To be clear, I'm not saying that it can't or isn't causing a problem, just that it doesn't appear to make any sense on the face of it.

I'm not implying there's incentive for you to lie about the Cinebench result, it's clearly a low score. What I am curious about though, is whether that's truly due to the undervolting or whether there's an underlying problem - potentially the underlying problem that Prime was yet to find after 30 seconds.
These are the stock settings. I've fully stress tested this system. An hour off small FFT, 10 consecutive IBT runs, 8 hours of realbench, multiple superposition runs, and a stock memtest run. What happens when you lock a fixed voltage is it prevents XFR and PB from fully boosting the cores. It won't affect the multi core very much at fixed voltage unless you lower it a lot. even locking at 1.35 did lower my cinebench multicore about 100 pts.
 

Barty1884

Retired Moderator
These are the stock settings. I've fully stress tested this system. An hour off small FFT, 10 consecutive IBT runs, 8 hours of realbench, multiple superposition runs, and a stock memtest run. What happens when you lock a fixed voltage is it prevents XFR and PB from fully boosting the cores.

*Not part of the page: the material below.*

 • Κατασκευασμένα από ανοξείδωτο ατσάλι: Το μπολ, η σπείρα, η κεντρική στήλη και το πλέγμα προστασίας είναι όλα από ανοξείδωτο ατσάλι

It won't affect the multi core very much at fixed voltage unless you lower it a lot. even locking at 1.35 did lower my cinebench multicore about 100 pts.

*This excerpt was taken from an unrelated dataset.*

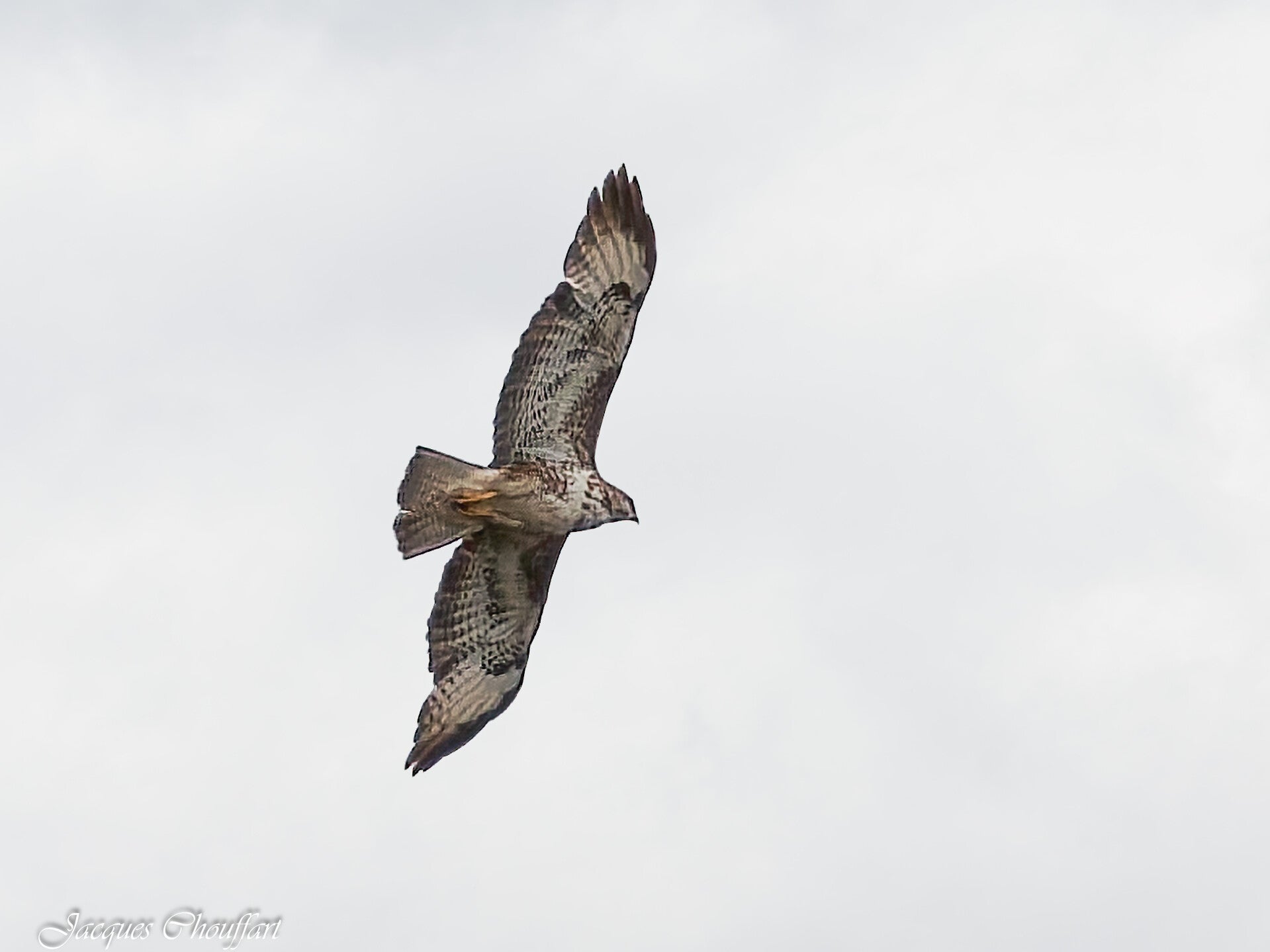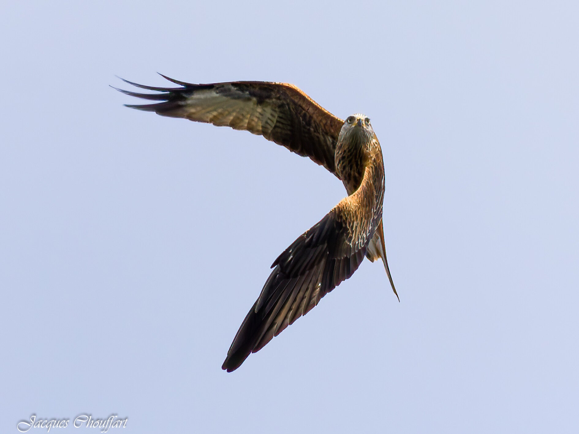 aigle. II se reconnaît à ses ailes coudées et à un dessous blanc tranchant fortement avec le

I appreciate the theory behind it, but with that rationale, a single core stress test needs the upper end of that "stock" voltage spectrum?
So 4.5GHz (for example) with XFR/PB on a single core needs 1.5V, but 4.0-4.1GHz across all cores (also boosted by XFR/PB) needs ~1.3V?
Again, not calling you out on anything, or trying to be codescending or antagonistic, I just can't wrap my head around it.

This is not unlike the early 300 series BIOS' though, where unnecessary voltage was pushed through the CPU. It did get better over time, with performance improving IIRC, so perhaps a BIOS update will fix the issue in time.

Anyway, I've derailed this thread enough.
 

rigg42

Respectable
Oct 17, 2018
639
233
2,390
If you read the AMD post i linked above you'll see that that sky high voltages at idle are because the CPU isn't really idle. The monitoring software is pinging it with a tiny load and causing the boost algorithm to fire to full boost (and the voltage it needs to achieve it). As i mentioned earlier these voltages are fine in bursts at light load because there isn't enough current to damage the CPU. The CPU is doing exactly what its supposed to do. The OP's temperature problem is because of the crappy stealth cooler.
 

rigg42

Respectable
Oct 17, 2018
639
233
2,390
I appreciate the theory behind it, but with that rationale, a single core stress test needs the upper end of that "stock" voltage spectrum?
So 4.5GHz (for example) with XFR/PB on a single core needs 1.5V, but 4.0-4.1GHz across all cores (also boosted by XFR/PB) needs ~1.3V?
Again, not calling you out on anything, or trying to be codescending or antagonistic, I just can't wrap my head around it.

This is not unlike the early 300 series BIOS' though, where unnecessary voltage was pushed through the CPU. It did get better over time, with performance improving IIRC, so perhaps a BIOS update will fix the issue in time.

Anyway, I've derailed this thread enough.
Yes that's precisely what I'm getting at. The Bios is fine. Its doing what its supposed to do. The problem is HWI64 and how it interacts with the CPU on the ryzen balanced power plan. The cores aren't idle when they're at 4.4ghz and 1.5 v. I just downloaded CPUz and my voltage was hovering around .9 with nothing else running. HWI64 shows the same if I turn on the windows balanced power plan.

On a side note the SOC voltage stuff that J2C was talking about in that video is a legit issue with the Asus bios and fast memory kits. Even on Intel. My Max XI hero did the same thing to VCCIO and VCCSA when i threw a 3600 cl16 kit in it. They really need to fix that. That's a recipe for burned up memory controllers.